Exercise brief — Down to the final line, write out the material beneath exactly, without pictures.

Dataset extract —
════════

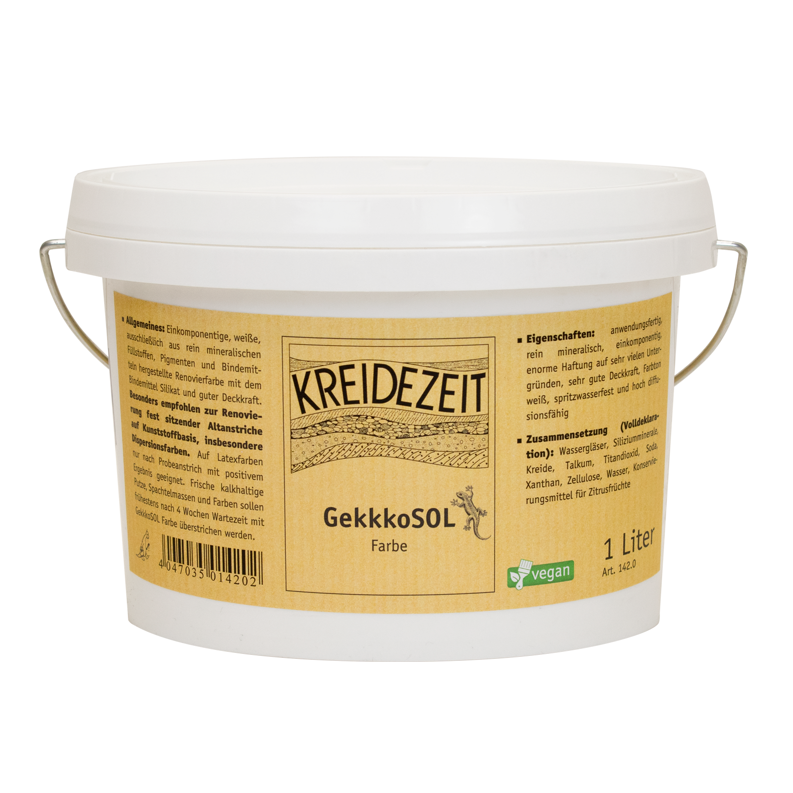 GekkkoSOL Farbe basiert auf einer Mischung aus Wassergläsern. Eine besondere Zusammensetzung und Kombination dieser Wassergläser erzeugt ein für reine Mineralfarbe enorm breites Anwendungsspektrum.
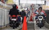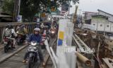 REPUBLIKA.CO.ID, BOGOR -- Sejumlah pemudik motor melintasi jembatan darurat di jalan raya utama Bogor-Sukabumi, Cikreteg, Kabupaten Bogor, Jawa Barat, Jumat (21/4/2023).
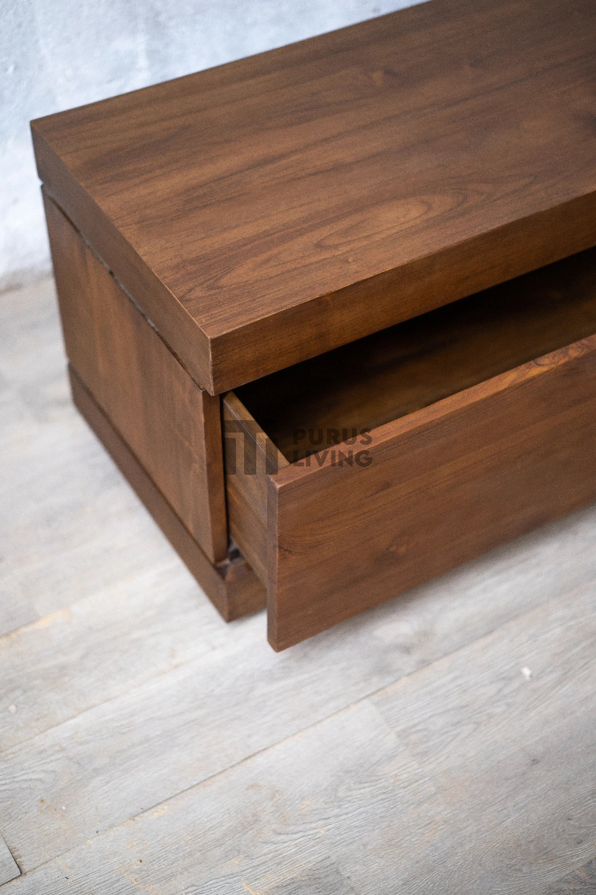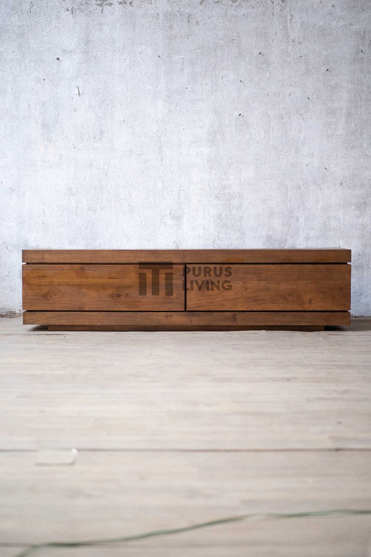 Bufet TV minimalis modern ini menggunakan bahan baku Kayu Jati solid (Teak Wood) dan ditambah dengan konstruksi/purus. Produk-produk dari Purus Living dekerjakan oleh para profesional dibidang furniture dari Jepara. Dikerjakan dengan teliti dan cermat sehingga furniture ini menjadi produk yang kokoh, kuat dan memiliki fungsi guna.
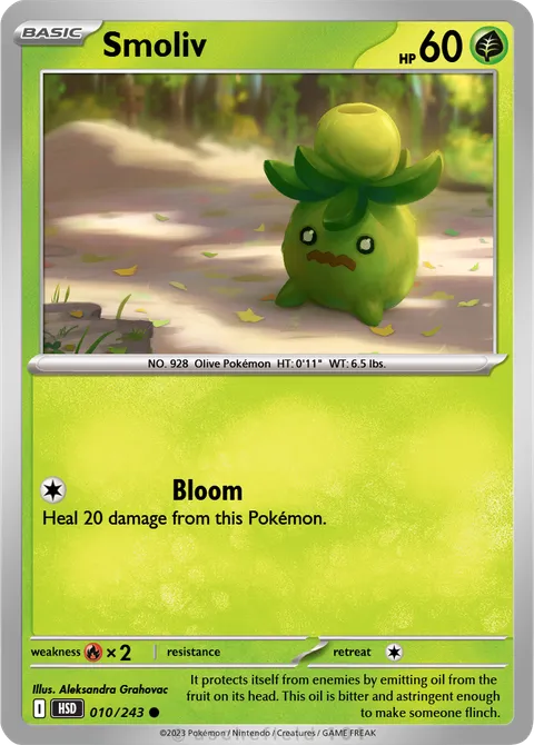 NO. 928 Olive Pokémon HT: 0'11" WT: 6.5 lbs.illus. Aleksandra Grahovac#010/243It protects itself from enemies by emitting oil from the fruit on its head. This oil is bitter and astringent enough to make someone flinch.Created by @vincentross744 on 04 December 2025

════════

Exercise output —
 GekkkoSOL Farbe basiert auf einer Mischung aus Wassergläsern. Eine besondere Zusammensetzung und Kombination dieser Wassergläser erzeugt ein für reine Mineralfarbe enorm breites Anwendungsspektrum.
 REPUBLIKA.CO.ID, BOGOR -- Sejumlah pemudik motor melintasi jembatan darurat di jalan raya utama Bogor-Sukabumi, Cikreteg, Kabupaten Bogor, Jawa Barat, Jumat (21/4/2023).
 Bufet TV minimalis modern ini menggunakan bahan baku Kayu Jati solid (Teak Wood) dan ditambah dengan konstruksi/purus. Produk-produk dari Purus Living dekerjakan oleh para profesional dibidang furniture dari Jepara. Dikerjakan dengan teliti dan cermat sehingga furniture ini menjadi produk yang kokoh, kuat dan memiliki fungsi guna.
 NO. 928 Olive Pokémon HT: 0'11" WT: 6.5 lbs.illus. Aleksandra Grahovac#010/243It protects itself from enemies by emitting oil from the fruit on its head. This oil is bitter and astringent enough to make someone flinch.Created by @vincentross744 on 04 December 2025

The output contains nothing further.